-------- EXCERPTED DATA --------

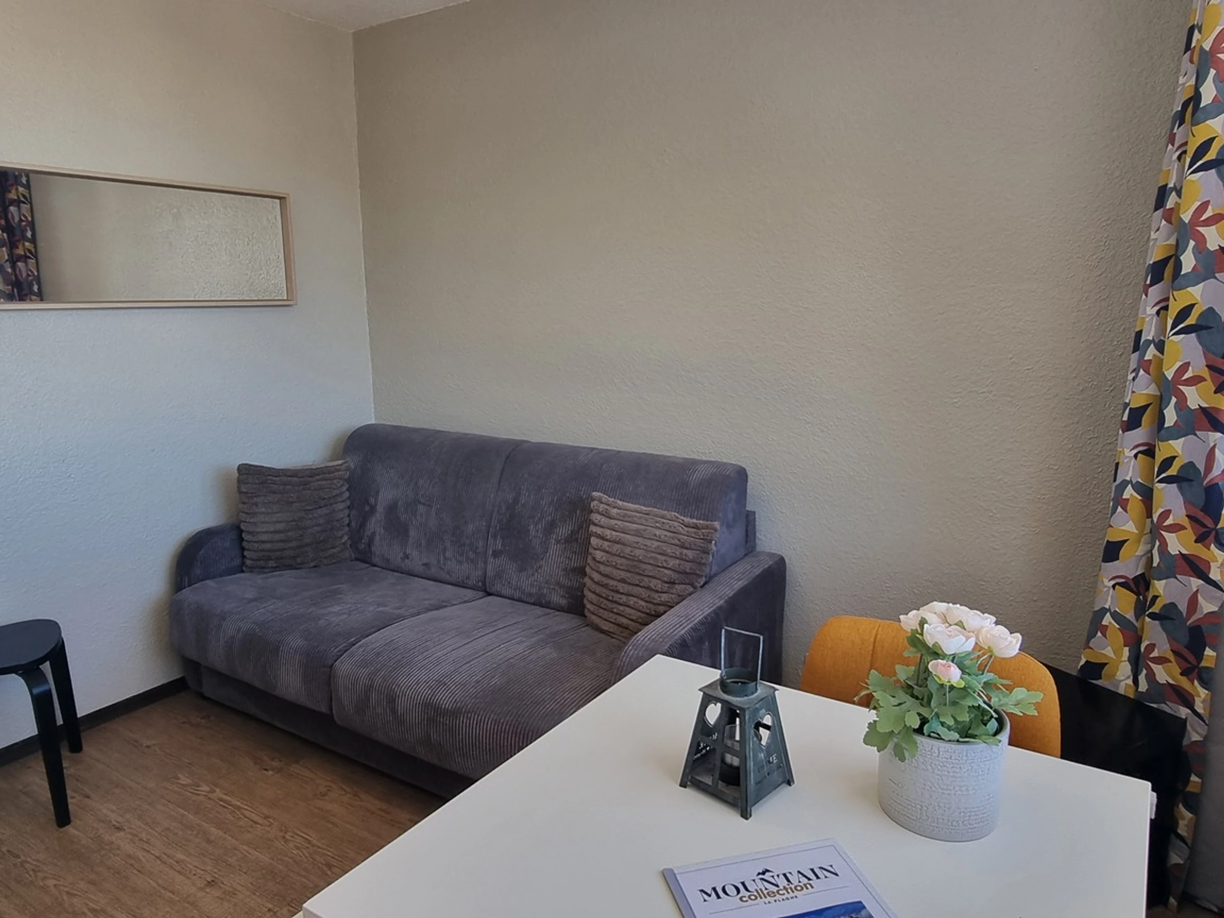 Sala de estar: 1 cama nido para 2 personas. TV de pantalla plana. Equipada con edredones y mantas. Cocina americana: placas eléctricas, nevera y microondas. Baño: cabina de ducha y aseo.
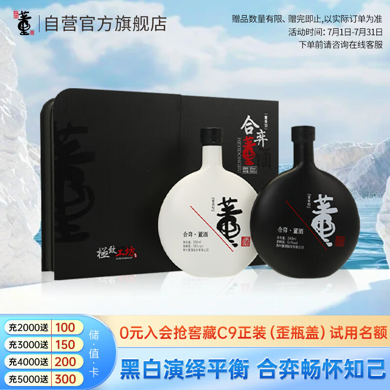 董酒 合弈 董香型白酒 54度 500ml*2礼盒装价格:998.00元!
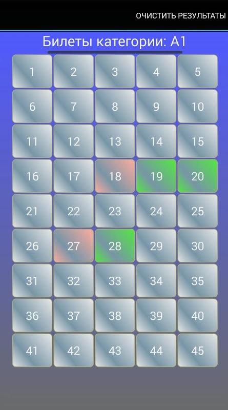 - Eğitim modu (kırmızı ele alınmamıştır hatalı karar biletleri, gri kartlar, görüntülenen doğru çözülür yeşil bilet vurgulanır.), Herhangi bir sırayla bilet çözmek çözüm sonuçlarının bir geçmişini tutmak için izin verir
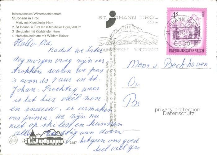 72094833 alte Postkarte St Johann Tirol Motiv mit Kitzbueheler Horn Totalansicht Bergbahn Harschbuehelhuette mit Wildem Kaiser postalisch gelaufen Erhaltung siehe scans KatCode: 11390335070416
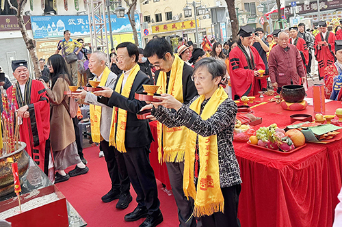 【本報訊】由康真君廟慈善會主辦,澳門道教協會、澳門海傍海邊街區坊眾互助會及澳門中華新青年協會協辦的“康公誕系列慶祝活動-康大真君聖尊出巡大典”於昨日上午10時在康公廟前地舉行。主辦單位冀透過活動弘揚中華宗教文化,促進澳門旅遊休閒業多元發展。
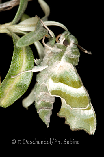 : Sphinx de l'Epilobe (Proserpinus proserpina), femelle après l'éclosion, Moravie, République Tchèque.
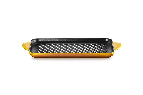 With its large cooking surface, the Le Creuset rectangular Grill delivers that delicious grilled flavour of an outdoor grill, with all the convenience of indoor cooking every time. Ideal for searing steak, fish, vegetables, and even fruit for a sweet treat. Perfect for quick and low-fat cooking, this cast iron grill has a ribbed base to help produce attractive and distinctive char lines on grilled foods and to help juices and oils drain away. This Rectangular Grills interior consists of a Le Creuset protec
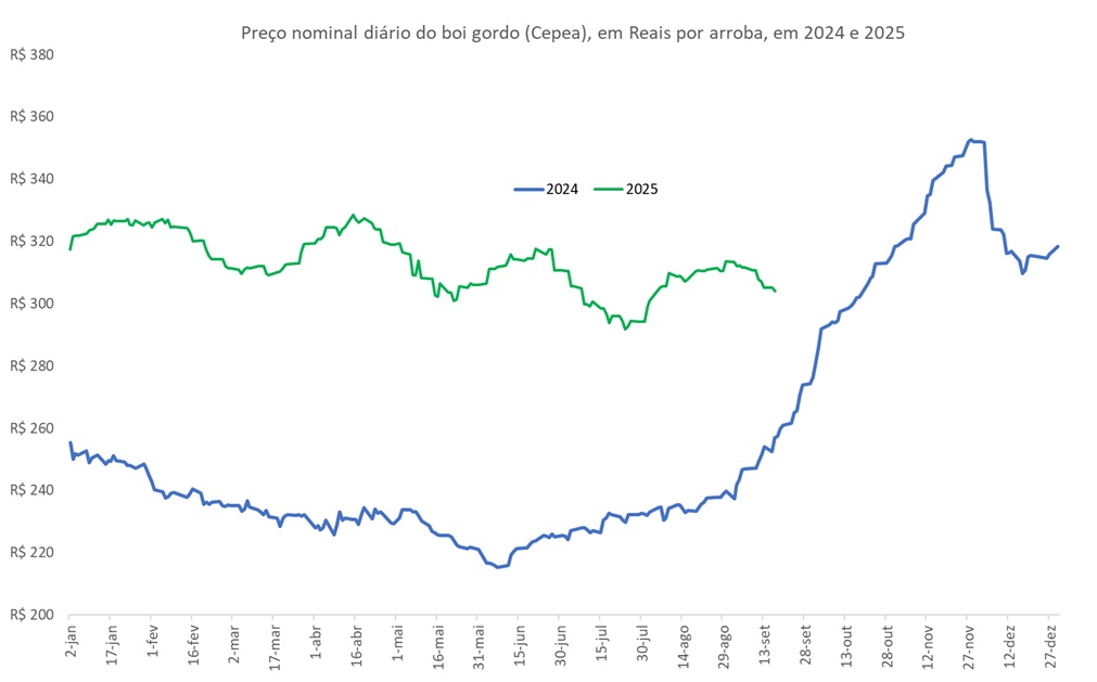 A Figura apresenta a evolução diária do preço nominal do boi gordo (Cepea), avaliado em Reais por arroba, em 2024 e a parcial de 2025.

--------

» TASK DIRECTIONS:
Transcribe all the material exactly; skip every image.

» ANSWER BOX:
 Sala de estar: 1 cama nido para 2 personas. TV de pantalla plana. Equipada con edredones y mantas. Cocina americana: placas eléctricas, nevera y microondas. Baño: cabina de ducha y aseo.
 董酒 合弈 董香型白酒 54度 500ml*2礼盒装价格:998.00元!
 - Eğitim modu (kırmızı ele alınmamıştır hatalı karar biletleri, gri kartlar, görüntülenen doğru çözülür yeşil bilet vurgulanır.), Herhangi bir sırayla bilet çözmek çözüm sonuçlarının bir geçmişini tutmak için izin verir
 72094833 alte Postkarte St Johann Tirol Motiv mit Kitzbueheler Horn Totalansicht Bergbahn Harschbuehelhuette mit Wildem Kaiser postalisch gelaufen Erhaltung siehe scans KatCode: 11390335070416
 【本報訊】由康真君廟慈善會主辦,澳門道教協會、澳門海傍海邊街區坊眾互助會及澳門中華新青年協會協辦的“康公誕系列慶祝活動-康大真君聖尊出巡大典”於昨日上午10時在康公廟前地舉行。主辦單位冀透過活動弘揚中華宗教文化,促進澳門旅遊休閒業多元發展。
 : Sphinx de l'Epilobe (Proserpinus proserpina), femelle après l'éclosion, Moravie, République Tchèque.
 With its large cooking surface, the Le Creuset rectangular Grill delivers that delicious grilled flavour of an outdoor grill, with all the convenience of indoor cooking every time. Ideal for searing steak, fish, vegetables, and even fruit for a sweet treat. Perfect for quick and low-fat cooking, this cast iron grill has a ribbed base to help produce attractive and distinctive char lines on grilled foods and to help juices and oils drain away. This Rectangular Grills interior consists of a Le Creuset protec
 A Figura apresenta a evolução diária do preço nominal do boi gordo (Cepea), avaliado em Reais por arroba, em 2024 e a parcial de 2025.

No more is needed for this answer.